DESDE ADENTRO. Los agentes deben estar atentos a todo lo que pasa. LA GACETA / OSVALDO RIPOLL

Las demandas vecinales a los policías de la Patrulla Urbana, abarcan una extensa franja. Y ello los obliga a convertirse en gestores, psicólogos, asesores, abogados, enfermeros u operadores de la comunidad que les destinan para su custodia y resguardo.
Los efectivos deben intervenir para neutralizar rencillas entre vecinos, ruidos molestos, deben ser orientadores en trámites policiales para solicitar un turno, certificados de buena conducta o cédulas; también son gestores, porque transmiten la inquietud de arreglo o pavimentación de calles, construcción de cordones cunetas, dispensarios, alumbrado y recolección de basura. Asimismo a veces deben practicar primeros auxilios, llamar una ambulancia y hasta asistir a una madre en un parto.
Por lo general, son informados por el referente u otros vecinos, del estado de salud de la adulta mayor, de quienes viven solos , de los que no pueden valerse por si mismos y a veces realizan hasta las compras para alguna anciana impedida o un discapacitado de la zona.
Salvada
“Un día que trabajé en el turno mañana debí atender a una señora, Marta, que sufría un infarto, a cuatro cuadras de la base de este barrio.
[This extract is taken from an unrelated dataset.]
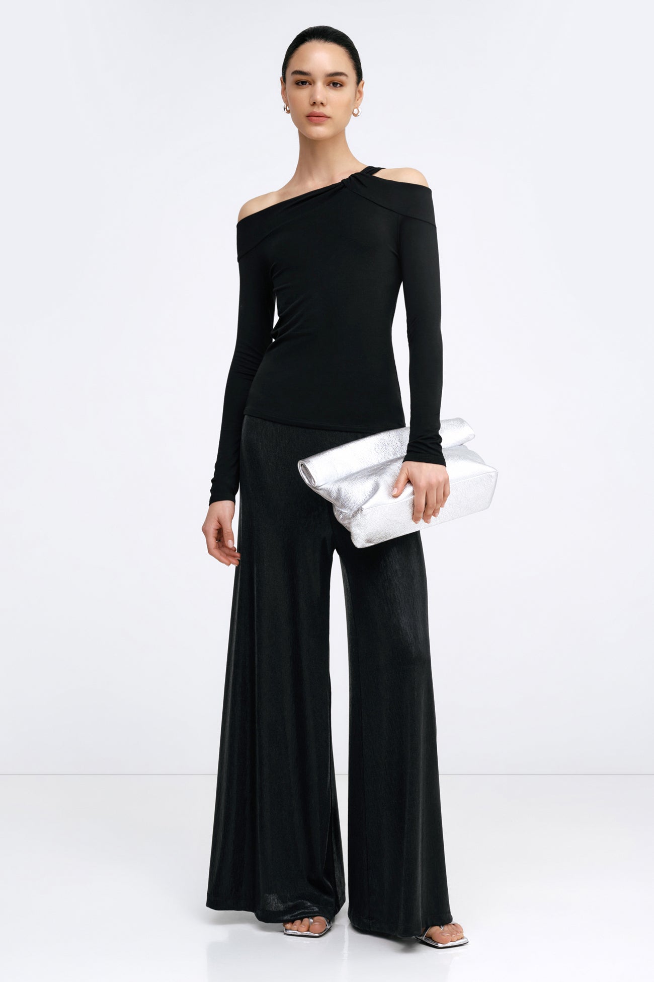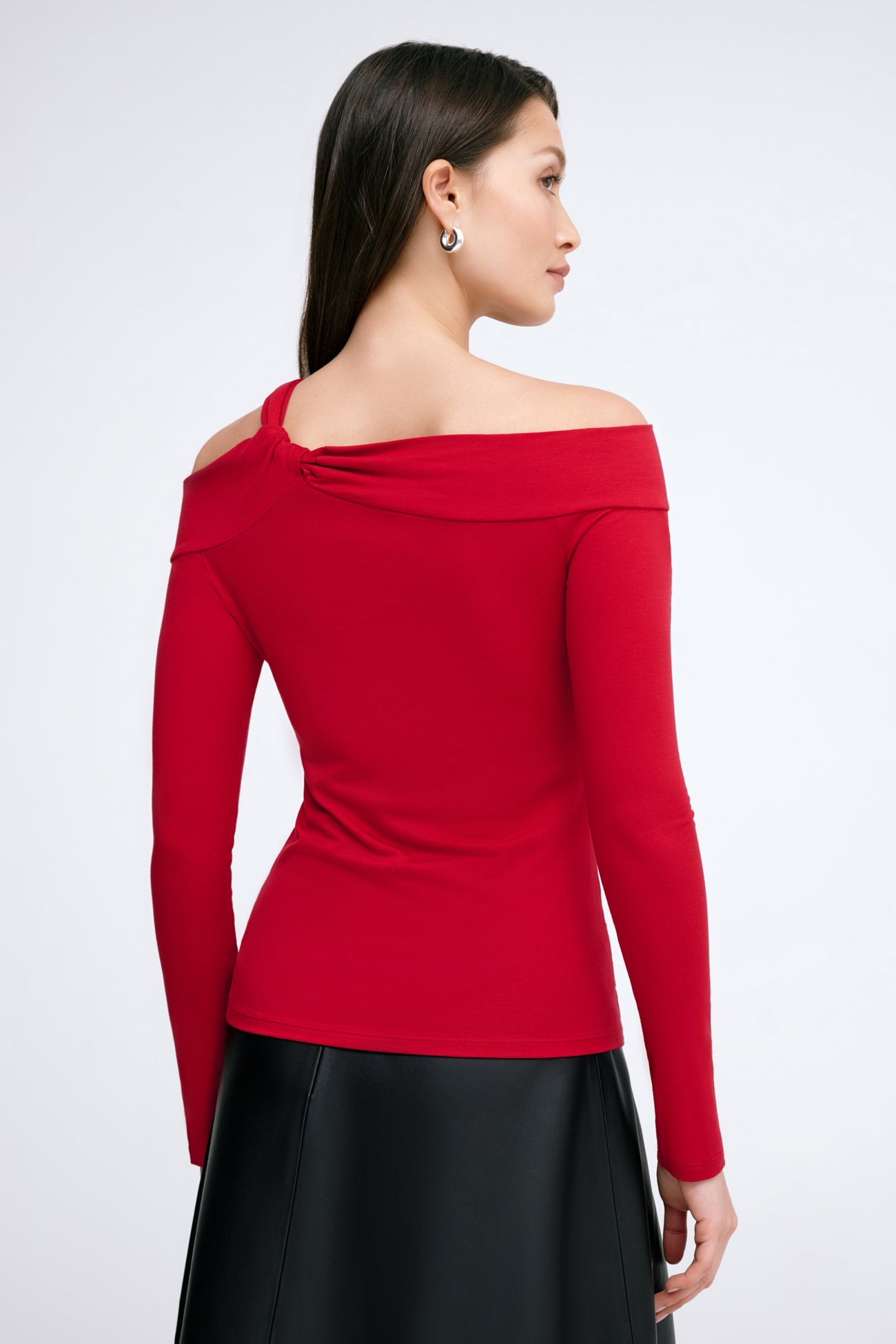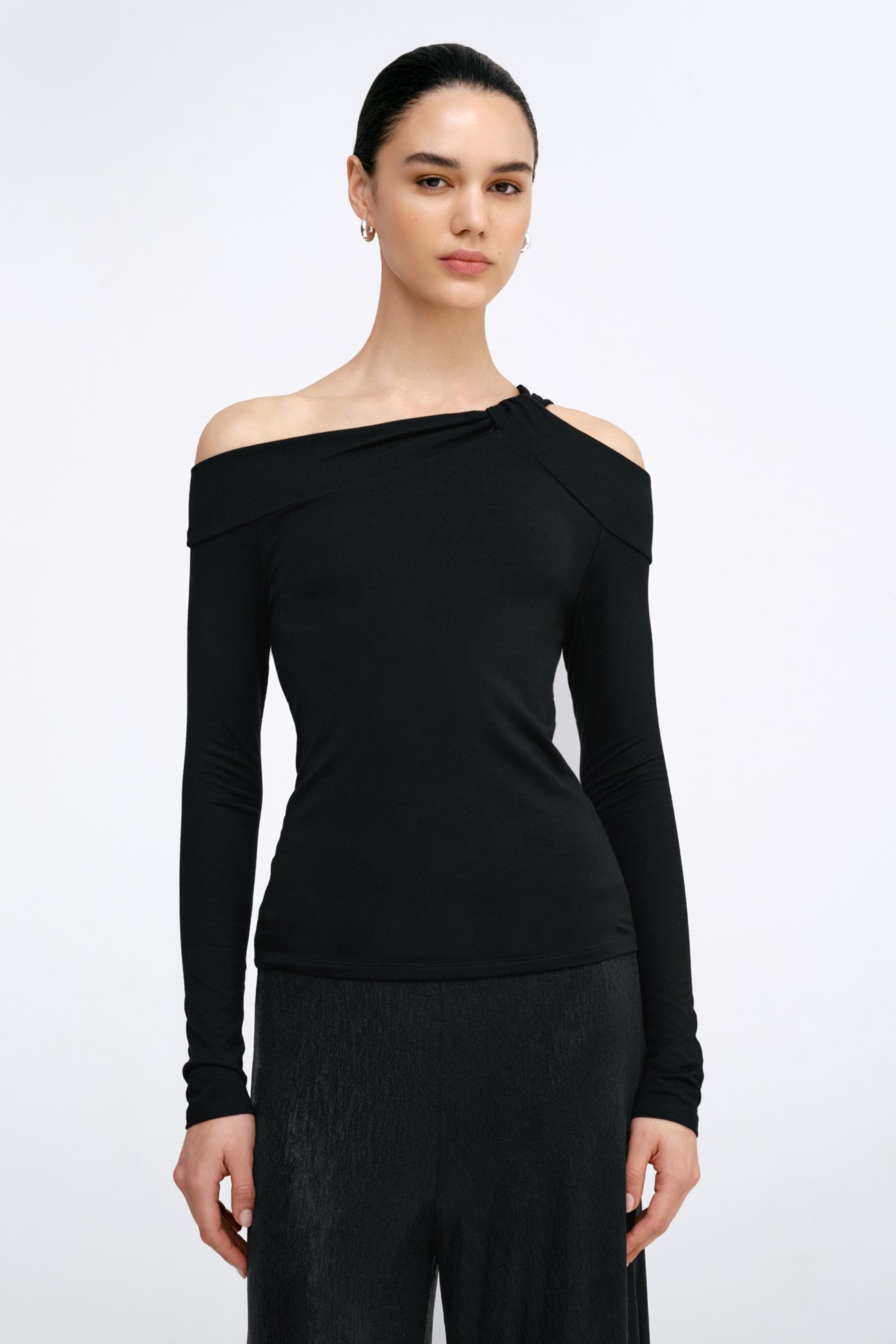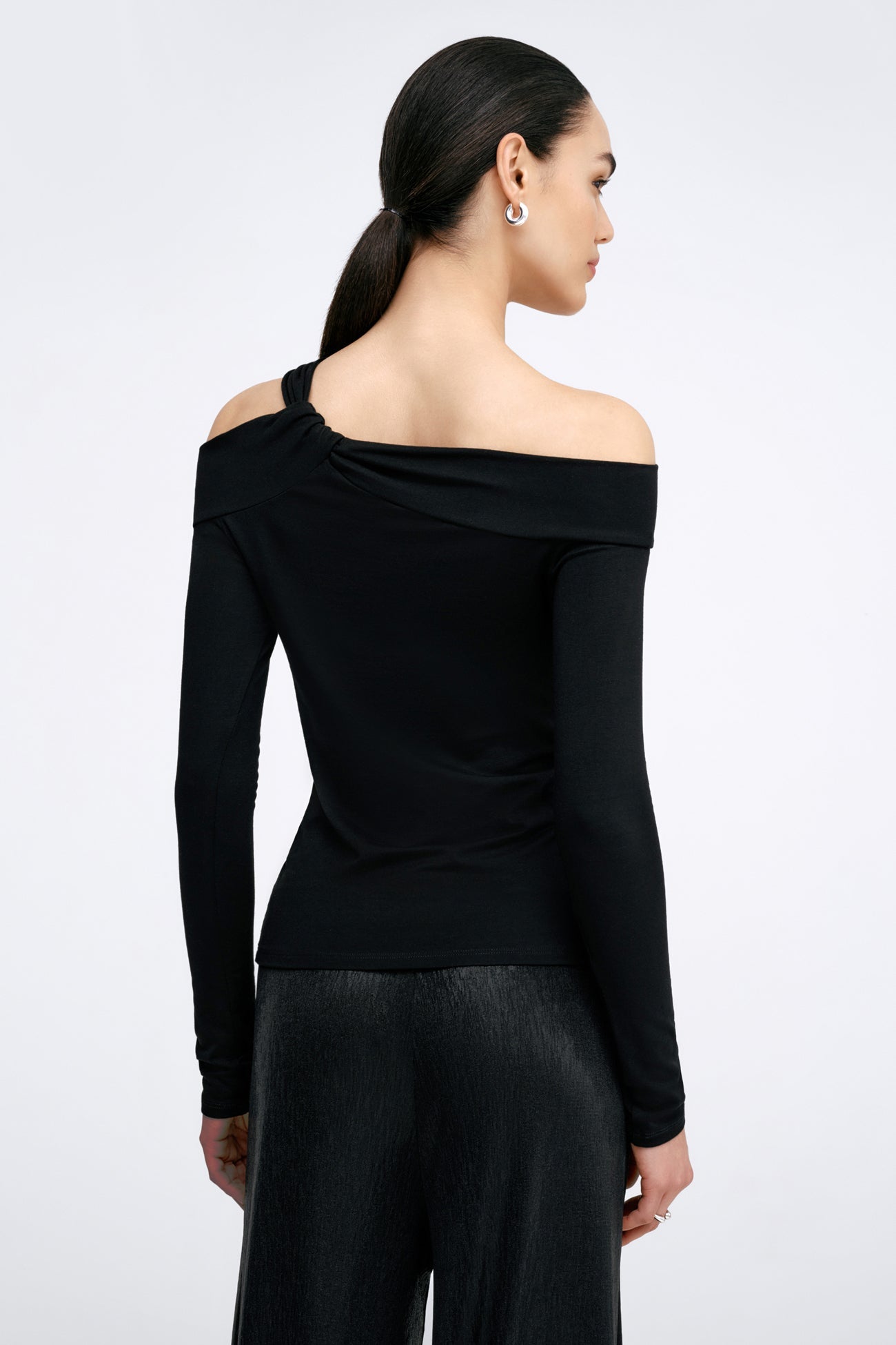 Tie all your looks together with our Piper Top. a versatile silhouette with a modern knot detail at one shoulder. Crafted from soft. high-stretch European jersey that skims your figure. Piper lays off the shoulder and features extra-long raglan sleeves. For cocktail parties or casual affairs. she's ready for anything.SPLIT

El día anterior su vecina me había comentado que la mujer se sentía muy mal y que si iba a venir temprano me pidió que me ocupara en ella. Gracias a ese dato la pudimos salvar. Ya que fue trasladada y asistida a tiempo”, contó el suboficial Sergio, del barrio Sutiaga, “También participamos de las fiestas que organizan para el Día de la Madre, del niño, de la Familia. Incluso realizamos los sorteos de premios que se entregan, colaboramos con la ornamentación. Esta gente es como una familia para nosotros”, se explayó Cristian, otro suboficial.
“Ellos están hace cuatro y cinco años en este barrio. Por eso se sienten como si fuera su otro hogar”, acotó Zulema Diaz, la referente social del lugar.